Tara Hewitt, Active Kids Campaign Manager, said: “Basic food knowledge and cooking skills are things we all need to lead healthy, balanced lives but as a nation we are learning these skills too late in life.
“The popularity of TV shows such as Junior MasterChef and the Great British Bake Off mean that children have become more interested in cooking. The Active Kids Superstars Cooks competition will help build on this at school level, which is why we have joined forces with Diversity star Ashley Banjo, who embodies the benefits of eating well and being active. Ashley will help teachers to inspire kids to plan, prepare and cook great tasting balanced meals at school, giving them the skills they need to enjoy good food at home throughout their lives.
Ashley Banjo, Diversity star and Active Kids Superstar Cooks judge, concluded: “Eating well and being active has always been a really important part of my life. I developed a love of good food when I was young as I quickly discovered that it made me a better dancer. I’ve teamed up with Active Kids Superstar Cooks because I’m passionate about inspiring kids to learn how to cook basic recipes that will help them as adults. They might not grow up to be professional dancers or athletes, but all young people need to understand that eating well will help them feel good and give them the energy to lead full and active lives, now and in the future.”
Notes to editors
* Core food competences for children and young people aged 5 to 16 years, which include cooking were updated in August by the BNF, alongside Public Health England, FSA Northern Ireland, FSA Scotland and the Welsh Government. Available at:www.nutrition.org.uk/foodinschools/competences/competences
** The survey was conducted by Redshift Research in August 2014 among 3,000 UK respondents, 500 in each of the following age groups: 14-16; 17-18; 19-24; 25-29; 30-39 and 40-50
For the first time ever, practical cookery is compulsory for children up to Year 9 in primary and secondary schools in England. The new National Curriculum, published by the Department for Education, lays out the importance of ‘instilling a love of cooking’ in pupils from a young age. The requirement for cookery lessons will come into effect in September 2014.

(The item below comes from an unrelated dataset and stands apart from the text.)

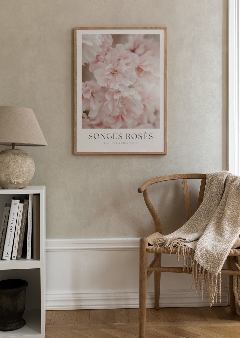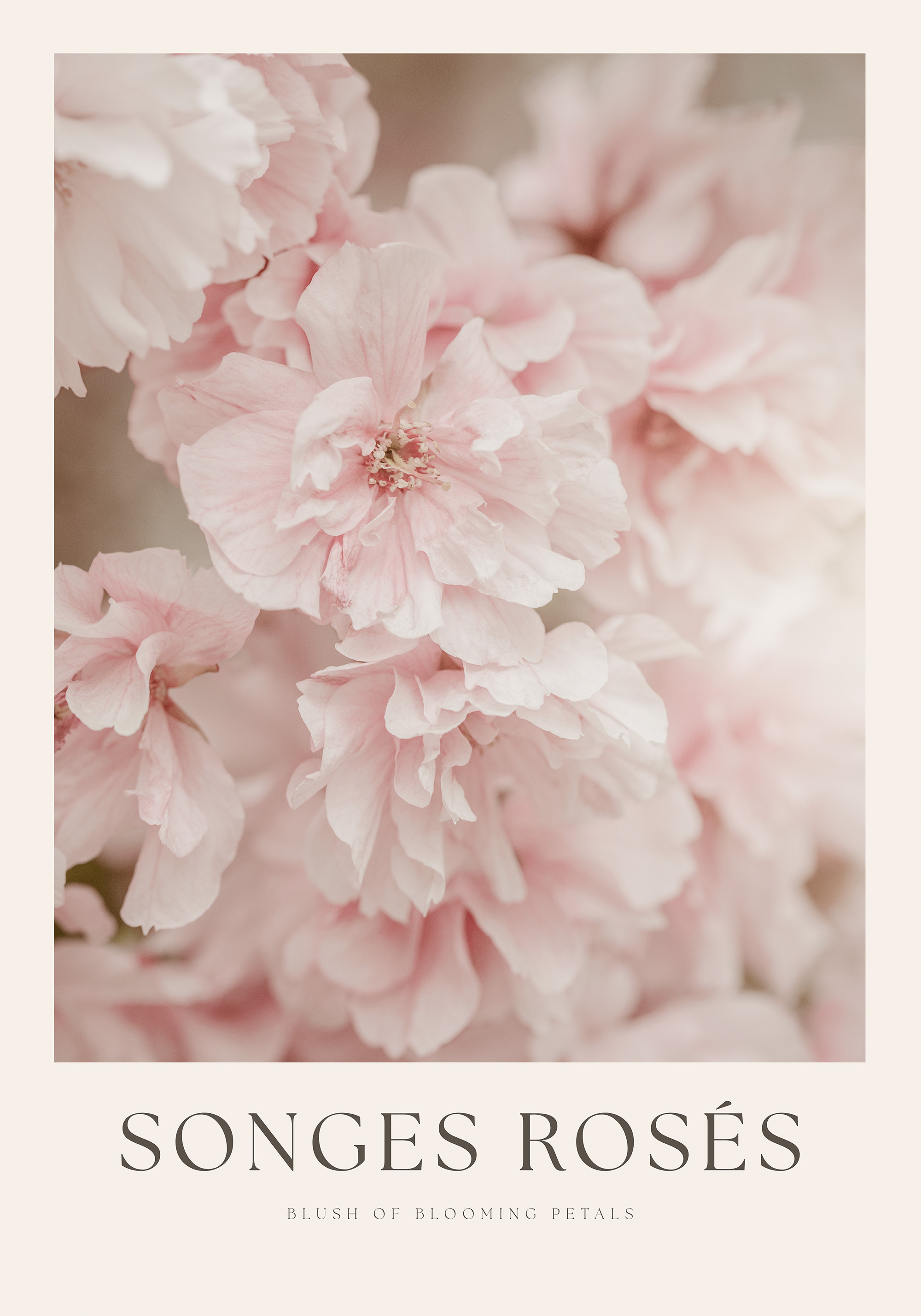 柔らかなピンクのバラが優しく咲く、穏やかなポスター。ふんわりとした花びらが重なり合い、パステルカラーの美しさが際立ちます。お部屋を華やかに彩るアートです。

Calculating the UK’s Cooking Age
The research was conducted by Redshift Research in August 2014 among 3,000 UK respondents, 500 in each of the following age groups: 14-16; 17-18; 19-24; 25-29; 30-39 and 40-50. The questionnaire asked how confident (on a scale of 1-10) people are at a number of cooking tasks aligned to suggested Core Competences and the National Curriculum. An individual’s Cooking Age is calculated by their stated level of confidence at completing these cooking tasks. If they are confident to a level of eight at a specific task, then they are considered competent at said task. If a person scores eight or above on all tasks then they are awarded a pass for that stage. If they score below eight, they fail that stage. If they fail a stage, their cooking age is calculated by the number of tasks within the failed curriculum band that they are competent at. This is then divided by the total number of tasks, and multiplied by the number of years in the age band.
The BNF has worked with Public Health England, FSA Northern Ireland, FSA Scotland and the Welsh Government to update the Core Competences for children and young people aged 5 to 16 years. The competences are a framework of essential skills and knowledge around diet, consumer awareness, cooking, food safety and active lifestyles. The Core Competences are UK wide, helping teachers ‘unpack’ the curriculum, support future curriculum and qualification development and guide those creating resources for schools.
Sainsbury’s Active Kids Superstar Cooks
Active Kids Superstar Cooks is now open for entries! From now until 24 November, schools across the country will be challenged to create the ultimate healthy main meal for four people for the chance to win £10,000 worth of new kitchen kit for their school plus an exclusive prize with dance superstar Ashley Banjo.
The competition has been created for pupils of all ages and abilities, with entries in two age categories 5-11 and 11-16 year olds. One winning school will be selected in each of the two age groups. Special schools may use the entry criteria most suitable for the ability of their pupils.
The Superstar Cooks competition is designed to help schools deliver the new requirements of the National Curriculum in England and will help further support cooking and nutrition in the curriculum for schools across the rest of the UK. Teachers can download the competition toolkit, recipe ideas and lesson plans to help get pupils cooking.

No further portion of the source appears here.